2021 highlighted how devastating zero-day and unpatched vulnerabilities in popular platforms can be.
The Microsoft Exchange Server attacks, for example, were caused by in-the-wild exploitation of the ProxyLogon 0-days, leading to the compromise of thousands of on-prem Exchange servers despite the release of emergency patches.
According to Risk Based Security, over 12,500 vulnerabilities were reported during the first half of 2020, and close to 1,500 of these were remotely exploitable.
Supply chain attacks
While a relatively new entry, sophisticated threat actors have pivoted to attacks against centralized systems and platforms to reach the widest possible victim pools — spending their time and energy on breaking the defenses of one vendor, and thereby potentially gaining access to IT systems belonging to customers.
The most notable in recent times is the SolarWinds supply chain incident. Russian cyberattackers were able to compromise the software vendor’s platform and deploy a malicious Orion software update to roughly 18,000 customers.
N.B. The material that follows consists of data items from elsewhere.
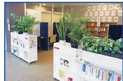
グリーンパーティション
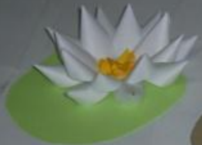
Шаблон «лист» (картон зелёного цвета)
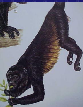
Alouatta palliata (Aullador, zaraguate)
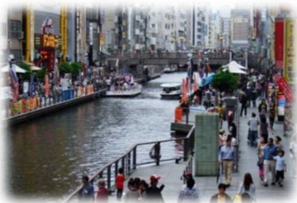
遊歩道の民間活用 (道頓堀川 / 大阪市)
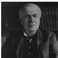
Tomasz Edison (1847)

Genialny wynalazca, samouk, twórca między innymi: żarówki, fonografu, kineskopu. Nigdy nie przyswoił sobie zasad ortografii, miał też problemy z arytmetyką. W szkole nie mógł sobie poradzić, o czym pisał w pamiętniku. Wspomina: „a ja niemal uwierzyłem, że jestem matosem...”.
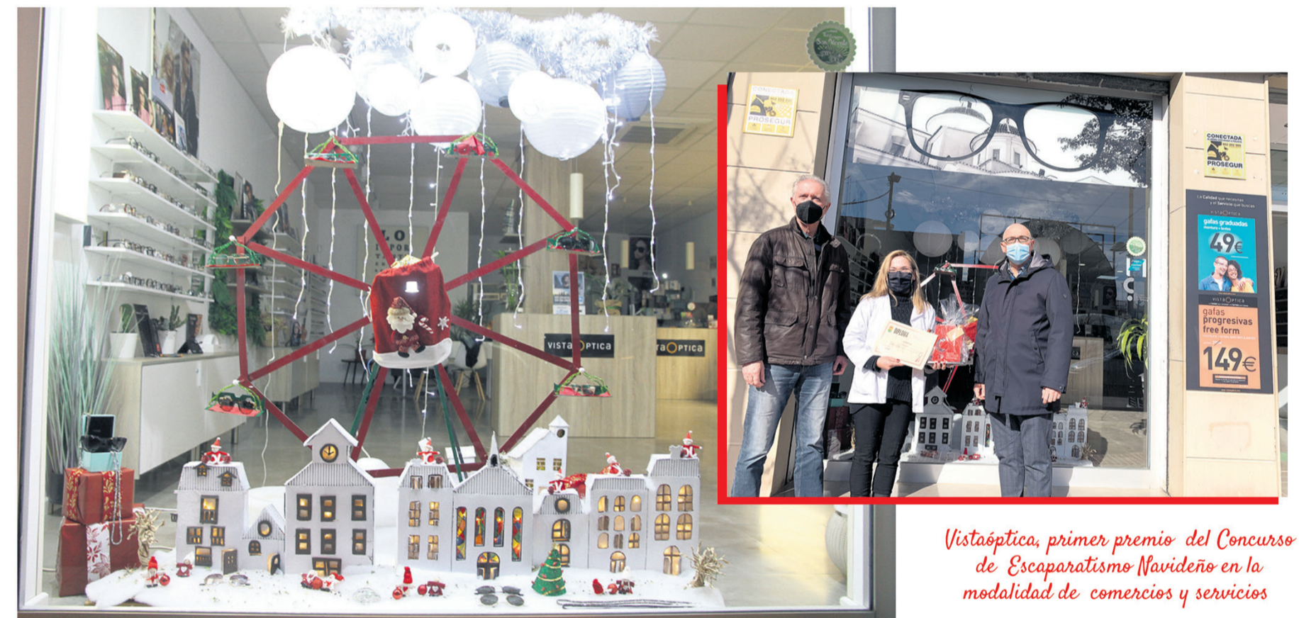
Vistaóptica, primer premio del Concurso de Escaparatismo Navideño en la modalidad de comercios y servicios
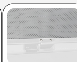
Κουρτίνα νυχτός (Υφασμα – Γκρι χρώμα)
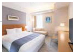
ダブルルーム Double Room

リゾート感あふれるアートワークや 家具に心癒されるふたりの空間 The artwork and furniture in our two-person rooms are overflowing with the charms of a resort hotel.
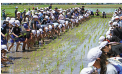
小学生の田植えの様子

その後、子供達が6月に植えた苗は、大きく立派な稲に成長し、9月30日(月)に稲刈りが行われました。たわわに実った稲穂を子供達が鎌を使って1つ1つ刈り取りました。
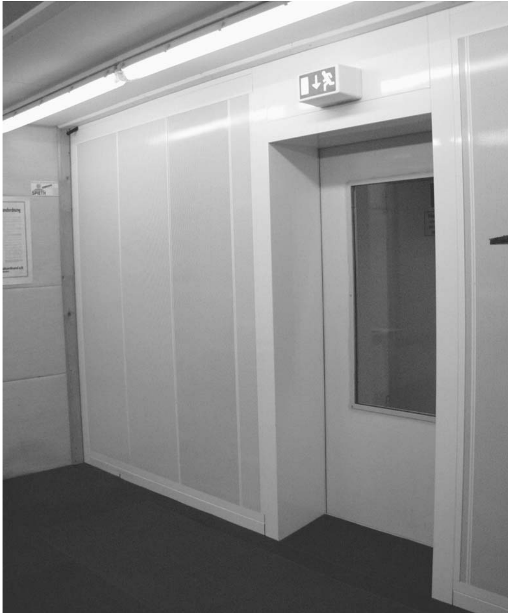
Beispiel einer Verdrängungslüftung

Seitlich neben der mittig eingebauten Zugangstüre befinden sich die Lochbleche; günstiger ist es, entweder den Zugang seitlich oder die Türleibungen als schräge Lufteinlasselemente auszuführen.
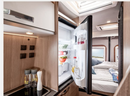
Kompressor-Kühlschrank 95 Liter, energieeffizient (incl. 12,8 Liter Gefrierfach)
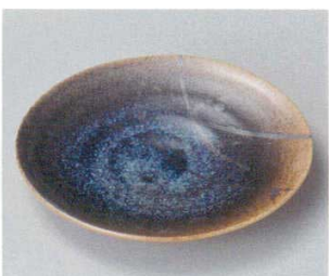
21027-469 煌デリカ24cm/バスタ皿 3,800円 24入 (24.7×3.5cm)
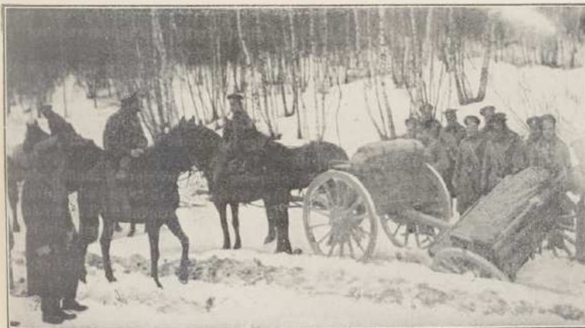
ARTILLERIE RUSSE ALLANT PRENDRE POSITION.

Dans le Caucase, les troupes russes commandées par le grand-duc Nicolas revinrent au combat contre les Turcs. Ni les difficultés formidables du terrain, ni les neiges amoncelées, ni le froid qui faisait descendre le thermomètre à 26 degrés
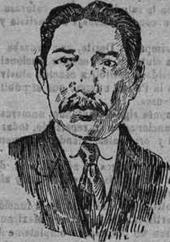
El Vizconde Chinda, diplomático japonés, que se encuentra en París representando a su país en las conferencias de la paz.

De Abastecimientos En una de las dependencias del Gobierno civil continúan reuniéndose los inspectores delegados de Abastecimientos.

Those responsible then used the backdoors planted in the clients’ systems through the malware-laden update to directly attack the most valuable customers, including Microsoft, FireEye, and various US government agencies.
Weak and stolen credentials, including those used to access multiple online services, are now a common entry point for today’s cyber attackers.
Year after year, credential-stuffing attacks are used to infiltrate the networks of enterprise players and SMBs, and yet, 76% of employees in the Fortune 1000 still reuse passwords across personal and professional accounts. The open sale and trade of data dumps on the Dark Web, sometimes available for just a few dollars, means that cybercriminals can use automated tools to strike login systems with little effort.
To make matters worse, two-factor and multi-factor authentication (2FA/MFA) standards are no longer enough, due to a variety of modern techniques and tactics actively used by modern-day attackers to circumvent these extra security barriers.
The human factor
One of the weakest links in the security chain, and one often exploited by cyber attackers, is the human factor. Bring-Your-Own-Device (BYOD) practices, shadow IT, human error, lax privilege controls, and a lack of both training and cybersecurity awareness in employees can all contribute to a weakened security posture.
Hardly a week goes by when we don’t hear of someone falling for a BEC phishing scam and losing their employer’s money, or of credentials used by an employee on a third-party service — who may have high or administrator-level privileges — that were stolen and then used to deploy ransomware on a corporate network.
Insider threats, too, are an attack vector that needs to be considered. Malicious or negligent employees, staff members that have been bribed, rogue business partners, and unethical vendors could become a future catalyst for a cybersecurity incident.
Recent examples include an employee who deleted close to 120,000 records of a company after being let go; a BUPA staff member who stole and tried to sell customer PII on the Dark Web, and even scientists who hijacked a supercomputer in their lab to mine for cryptocurrency.
It should be noted, however, that humans also have an important role in mitigating security incidents, reducing risk, and managing threat response. AI, ML, and automation are valuable tools that are quickly becoming necessary assets to fend off today’s threat actors, but human expertise, reasoning, and intuition are also crucial.
When multiple InfoSec tools from different vendors are in play, it can be near-impossible for cybersecurity teams to have the means to accurately and efficiently manage threat alerts, patch processes, and to maintain a robust security posture for their organization.
Cybersecurity should be considered a right, not a privilege. As such, investment into solutions that can transform chaos into clarity, as well as improving employee awareness, will be critical when facing threats into 2022 and beyond.